*** Opening of EXTRACTED INFORMATION ***

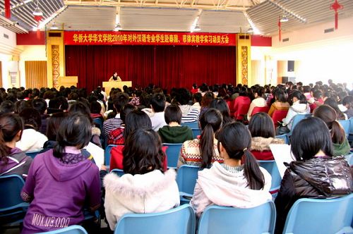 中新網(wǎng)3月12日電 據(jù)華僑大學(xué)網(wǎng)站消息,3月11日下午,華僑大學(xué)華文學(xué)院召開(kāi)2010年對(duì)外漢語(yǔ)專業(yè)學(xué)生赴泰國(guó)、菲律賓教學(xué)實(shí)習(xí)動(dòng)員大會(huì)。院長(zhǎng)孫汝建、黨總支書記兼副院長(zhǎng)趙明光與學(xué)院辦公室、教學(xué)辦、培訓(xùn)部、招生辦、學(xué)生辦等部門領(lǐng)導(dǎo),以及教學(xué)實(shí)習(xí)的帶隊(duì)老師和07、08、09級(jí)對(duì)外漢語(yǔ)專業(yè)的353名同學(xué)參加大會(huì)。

*** Close of EXTRACTED INFORMATION ***
*** Opening of EXTRACTED INFORMATION ***

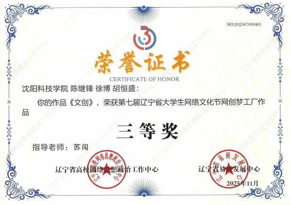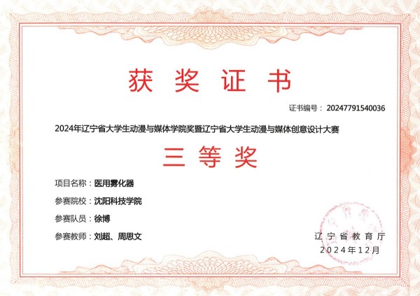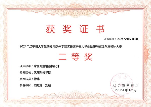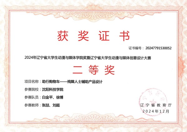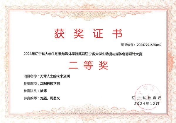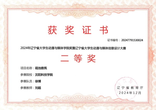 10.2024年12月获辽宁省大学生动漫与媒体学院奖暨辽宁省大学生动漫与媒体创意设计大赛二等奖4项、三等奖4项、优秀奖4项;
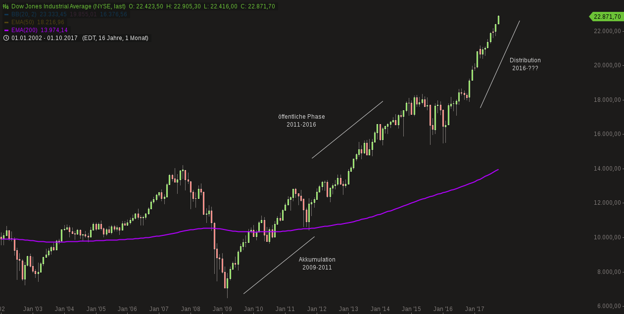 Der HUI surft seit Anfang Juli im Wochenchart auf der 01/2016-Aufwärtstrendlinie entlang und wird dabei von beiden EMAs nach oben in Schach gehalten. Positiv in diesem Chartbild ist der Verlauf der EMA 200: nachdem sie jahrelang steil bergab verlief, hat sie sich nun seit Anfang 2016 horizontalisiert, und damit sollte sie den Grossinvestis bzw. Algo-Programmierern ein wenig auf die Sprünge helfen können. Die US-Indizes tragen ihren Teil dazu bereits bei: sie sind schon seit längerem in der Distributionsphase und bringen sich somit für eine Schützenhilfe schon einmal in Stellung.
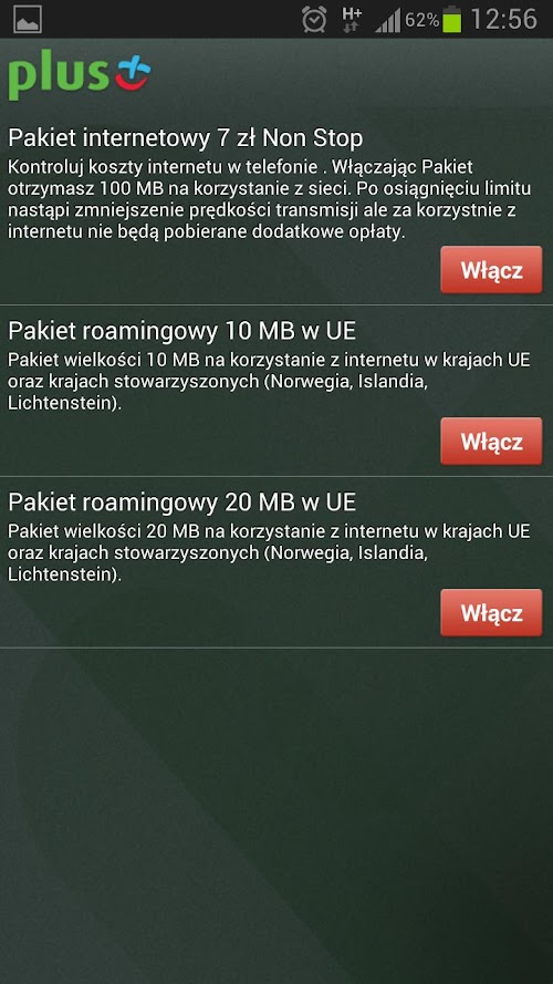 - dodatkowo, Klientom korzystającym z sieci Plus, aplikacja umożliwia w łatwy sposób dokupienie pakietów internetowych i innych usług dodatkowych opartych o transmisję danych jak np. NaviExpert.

*** Close of EXTRACTED INFORMATION ***

ABOUT THIS TASK
Starting at the line above that has "10.2024年12月获辽宁" and ending at the line that has "- dodatkowo, Klientom", copy each line exactly, leaving the pictures out and adding nothing.

WRITTEN SOLUTION
 10.2024年12月获辽宁省大学生动漫与媒体学院奖暨辽宁省大学生动漫与媒体创意设计大赛二等奖4项、三等奖4项、优秀奖4项;
 Der HUI surft seit Anfang Juli im Wochenchart auf der 01/2016-Aufwärtstrendlinie entlang und wird dabei von beiden EMAs nach oben in Schach gehalten. Positiv in diesem Chartbild ist der Verlauf der EMA 200: nachdem sie jahrelang steil bergab verlief, hat sie sich nun seit Anfang 2016 horizontalisiert, und damit sollte sie den Grossinvestis bzw. Algo-Programmierern ein wenig auf die Sprünge helfen können. Die US-Indizes tragen ihren Teil dazu bereits bei: sie sind schon seit längerem in der Distributionsphase und bringen sich somit für eine Schützenhilfe schon einmal in Stellung.
 - dodatkowo, Klientom korzystającym z sieci Plus, aplikacja umożliwia w łatwy sposób dokupienie pakietów internetowych i innych usług dodatkowych opartych o transmisję danych jak np. NaviExpert.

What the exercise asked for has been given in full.